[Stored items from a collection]
.....

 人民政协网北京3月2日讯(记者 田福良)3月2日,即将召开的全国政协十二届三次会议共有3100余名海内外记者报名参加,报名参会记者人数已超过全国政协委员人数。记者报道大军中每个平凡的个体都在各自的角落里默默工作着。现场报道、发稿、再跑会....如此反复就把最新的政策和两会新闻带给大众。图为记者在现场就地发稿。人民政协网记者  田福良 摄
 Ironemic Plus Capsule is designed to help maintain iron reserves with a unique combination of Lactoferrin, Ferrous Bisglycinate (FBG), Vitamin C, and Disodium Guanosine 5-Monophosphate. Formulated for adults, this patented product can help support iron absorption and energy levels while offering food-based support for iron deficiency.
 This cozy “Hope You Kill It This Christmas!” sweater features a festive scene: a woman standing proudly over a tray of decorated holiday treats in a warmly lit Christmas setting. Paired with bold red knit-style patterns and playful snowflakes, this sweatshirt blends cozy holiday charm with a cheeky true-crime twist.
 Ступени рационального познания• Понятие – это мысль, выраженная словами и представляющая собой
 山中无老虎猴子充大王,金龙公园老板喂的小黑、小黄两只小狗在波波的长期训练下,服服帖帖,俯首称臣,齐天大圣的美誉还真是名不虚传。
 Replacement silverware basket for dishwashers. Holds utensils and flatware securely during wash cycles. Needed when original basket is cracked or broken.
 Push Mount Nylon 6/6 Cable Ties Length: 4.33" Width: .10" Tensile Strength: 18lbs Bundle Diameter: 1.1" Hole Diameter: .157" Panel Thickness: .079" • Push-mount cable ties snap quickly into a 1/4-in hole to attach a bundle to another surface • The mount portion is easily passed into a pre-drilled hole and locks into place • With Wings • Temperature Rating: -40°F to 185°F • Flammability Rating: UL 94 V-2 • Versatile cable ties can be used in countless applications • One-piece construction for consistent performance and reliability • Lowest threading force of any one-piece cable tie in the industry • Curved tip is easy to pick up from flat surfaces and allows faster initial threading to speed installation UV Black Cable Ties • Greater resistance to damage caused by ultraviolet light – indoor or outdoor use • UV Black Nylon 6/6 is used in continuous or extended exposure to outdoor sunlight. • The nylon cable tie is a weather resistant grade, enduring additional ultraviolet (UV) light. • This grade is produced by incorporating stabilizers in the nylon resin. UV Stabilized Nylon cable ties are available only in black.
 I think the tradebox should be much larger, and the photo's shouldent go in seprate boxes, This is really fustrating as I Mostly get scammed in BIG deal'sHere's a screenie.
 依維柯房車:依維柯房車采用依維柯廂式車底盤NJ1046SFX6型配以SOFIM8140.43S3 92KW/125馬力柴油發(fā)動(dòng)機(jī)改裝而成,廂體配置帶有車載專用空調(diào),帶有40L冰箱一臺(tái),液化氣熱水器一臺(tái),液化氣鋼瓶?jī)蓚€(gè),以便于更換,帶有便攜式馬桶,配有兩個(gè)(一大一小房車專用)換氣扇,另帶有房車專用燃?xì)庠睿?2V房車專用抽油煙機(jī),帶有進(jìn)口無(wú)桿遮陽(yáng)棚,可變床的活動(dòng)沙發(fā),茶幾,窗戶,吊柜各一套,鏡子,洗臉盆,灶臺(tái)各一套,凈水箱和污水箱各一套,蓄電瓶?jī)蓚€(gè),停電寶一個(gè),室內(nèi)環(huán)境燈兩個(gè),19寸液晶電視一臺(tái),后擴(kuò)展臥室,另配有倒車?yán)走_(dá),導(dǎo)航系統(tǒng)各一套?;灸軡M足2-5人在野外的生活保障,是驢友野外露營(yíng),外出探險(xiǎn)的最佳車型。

.....

Exercise brief
Copy every line of the data above, beginning with the first and ending with the line that contains "Replacement silverware basket", and give nothing more.

Answer area
 人民政协网北京3月2日讯(记者 田福良)3月2日,即将召开的全国政协十二届三次会议共有3100余名海内外记者报名参加,报名参会记者人数已超过全国政协委员人数。记者报道大军中每个平凡的个体都在各自的角落里默默工作着。现场报道、发稿、再跑会....如此反复就把最新的政策和两会新闻带给大众。图为记者在现场就地发稿。人民政协网记者  田福良 摄
 Ironemic Plus Capsule is designed to help maintain iron reserves with a unique combination of Lactoferrin, Ferrous Bisglycinate (FBG), Vitamin C, and Disodium Guanosine 5-Monophosphate. Formulated for adults, this patented product can help support iron absorption and energy levels while offering food-based support for iron deficiency.
 This cozy “Hope You Kill It This Christmas!” sweater features a festive scene: a woman standing proudly over a tray of decorated holiday treats in a warmly lit Christmas setting. Paired with bold red knit-style patterns and playful snowflakes, this sweatshirt blends cozy holiday charm with a cheeky true-crime twist.
 Ступени рационального познания• Понятие – это мысль, выраженная словами и представляющая собой
 山中无老虎猴子充大王,金龙公园老板喂的小黑、小黄两只小狗在波波的长期训练下,服服帖帖,俯首称臣,齐天大圣的美誉还真是名不虚传。
 Replacement silverware basket for dishwashers. Holds utensils and flatware securely during wash cycles. Needed when original basket is cracked or broken.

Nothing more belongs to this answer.